Suppression of sCD23-induced TNF-α release by anti-β₃ (CD61) mAb and Vn. sCD23-activated monocytes were cultured with anti-β₃ (CD61) clone AP3, anti-α_vβ₃ (CD51/CD61; clone LM609), or isotype-matched mAbs (A) and with soluble Vn or Fn (20 μg/ml, B). Mean ± SD of four experiments (P < 0.01).

Figure 5

Effect of mAbs or natural ligands to VnR/CD47 complex on sCD23 binding to Jurkat and Raji cell lines. Jurkat α_v ⁺β₃ ⁺ (CD51⁺/CD61⁺) (a–e), or Raji α_v ⁺β₃ ⁻ (CD51⁺/CD61⁻) (f) cell lines were stained by B-BSA (dotted line) or B-sCD23 in the absence (solid line) or presence of the following inhibitors (plain histograms): anti-CD23 mAb (a); anti-CD47 mAbs (cocktail of four anti-CD47 mAbs; b); anti-β₃ (CD61) mAb (c); Vn (d); anti-α_v (CD51) mAb (e and f).

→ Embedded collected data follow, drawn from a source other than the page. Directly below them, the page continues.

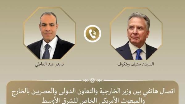 جرى اتصال هاتفى بين د. بدر عبد العاطي وزير الخارجية والتعاون الدولي والمصريين بالخارج و "ستيف ويتكوف" المبعوث الأمريكي الخاص للشرق الأوسط يوم الجمعة ٢٧ فبراير، وذلك في إطار التنسيق والتشاور المستمر بين مصر والولايات المتحدة إزاء القضايا الإقليمية ذات الاهتمام المشترك.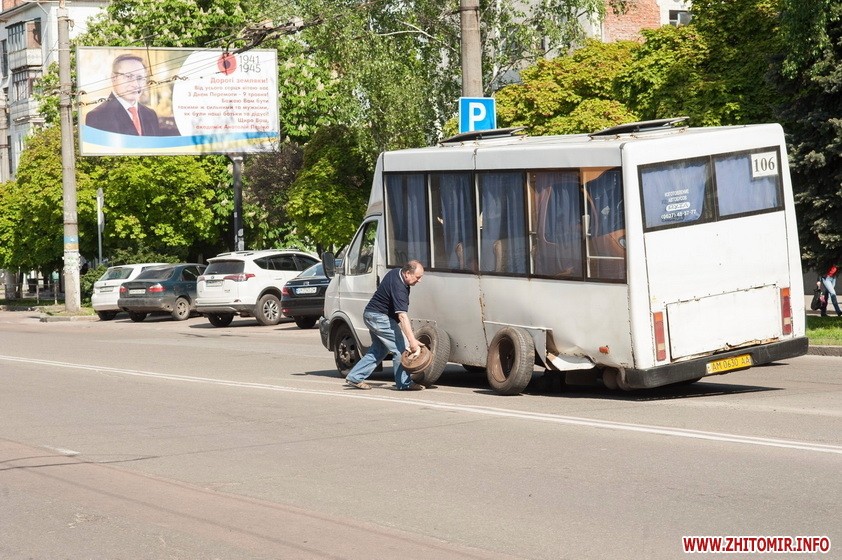 На вулиці Київській, неподалік центрального автовокзалу Житомира, у маршрутки №106 під час руху відпало колесо.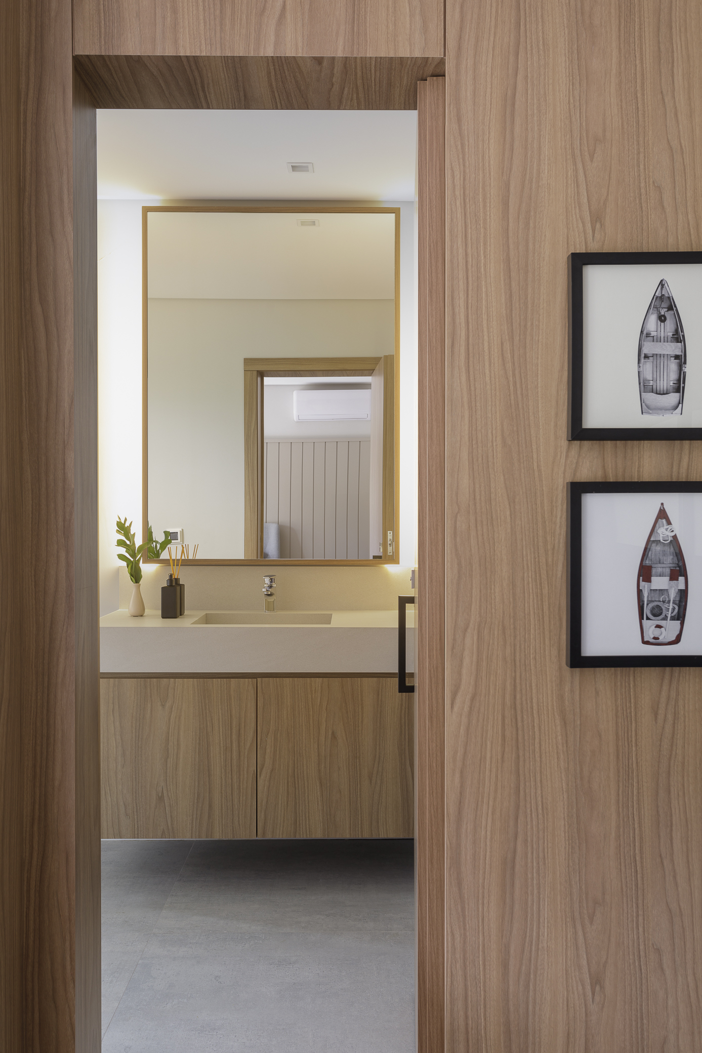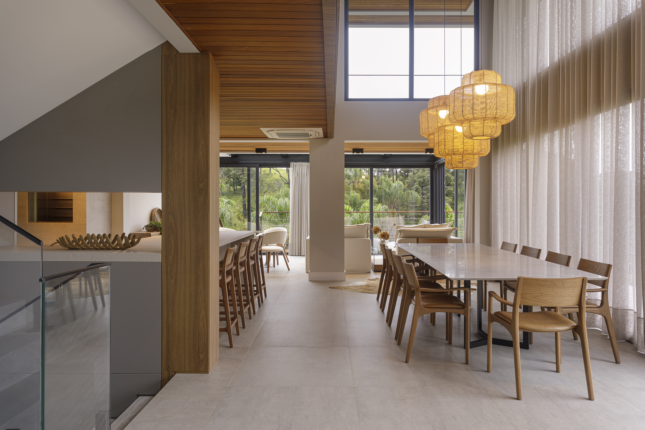 O pavimento principal, térreo, é dedicado à área social, amplo e integrado, proporcionando uma transição fluida entre os espaços e reforçando o convívio familiar.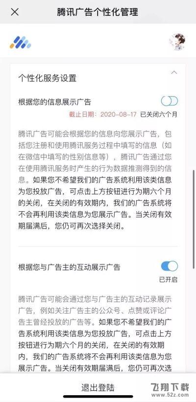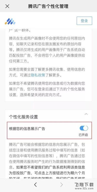 6、在腾讯广告管理界面,用户可以在个性化服务设置中关闭“根据您的信息展示广告”等四项。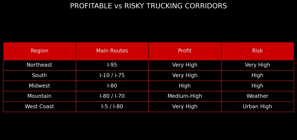 Encontrar el equilibrio entre rentabilidad y seguridad es la gran estrategia del transporte moderno. Las rutas más rentables y más peligrosas para camioneros en Estados Unidos concentran volumen, dinero y riesgo al mismo tiempo.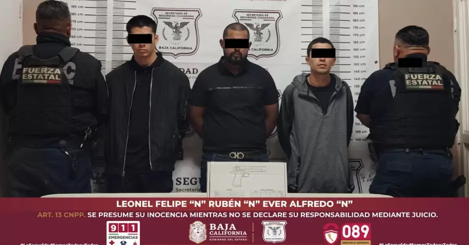 Como acto seguido, se solicitó a los tres ocupantes identificados como Leonel Felipe "N", de 26 años; Rubén "N", de 26 años y Ever Alfredo "N", de 28 años, todos originarios de Ensenada, el descenso de la unidad para poder llevar a cabo una revisión con fines precautorios.

B-sCD23 plus isotype-matched control mAb (a–c, e, and f) or Fn (d) were shown as dashed lines. One representative experiment out of four.

Figure 6

Western blot analysis of α_v ⁺β₃ ⁺ (CD51⁺/CD61⁺) melanoma cell line. Cell lysate was purified on anti-β₃ (CD61) mAb-affinity column. The eluate was separated by SDS-PAGE (5%) and transferred to membrane. Staining by anti-α_v (CD51) mAb (clone AMF7 and LM142; lane 2), anti-β₃ (CD61, clone AP3; lane 4), isotype-control matched mAbs (lanes 1 and 3), B-BSA (lane 5), and B-sCD23 (lane 6) is shown.

Figure 7

Binding of sCD23 to CHO-51 (CHO α_v) transfected cell line. (A) α_v (CD51)-transfected CHO cell line was stained with (a) anti-CD47 mAbs (clones 10G2, solid line and B6H12, dotted line) or isotype-matched control mAbs or with (b) anti-α_v (CD51) mAb (clone AMF7, dashed line) and anti-β₃ (CD61) mAb (clone AP3, solid line), or isotype-matched cont mAbs. (B) Untransfected (a), and α_v (CD51)-transfected CHO cell lines (b) were stained with B-sCD23 (plain histograms) or B-BSA (dotted line). One representative experiment out of three.

Figure 8

Binding of sCD23 to CD47⁺ and CD47⁻ cell lines. CD47⁺ and CD47⁻ cell lines were stained with two anti-CD47 mAbs (clone 10G2 and B6H12), anti-α_v (CD51) and anti-β₃ (CD61) mAbs, or B-sCD23 as described in Materials and Methods. OV10 carcinoma and Jurkat cell lines express different levels of α_v (CD51) chain which correlate with sCD23 binding.

Figure 9

sCD23 and Vn share the same functional receptor, VnR/CD47 complex. (A) sCD23 binds to α_v/CD51 and Vn to α_vβ₃ (CD51/CD61) conformational site while neither bind to CD47. Binding of Vn to α_vβ₃ (CD51/CD61) obliterates sCD23 binding site, and vice versa. (B and C) Anti-CD47 and anti-β₃ (CD61) mAbs suppress Vn binding and function (left) while they inhibit sCD23 function, but not binding (right).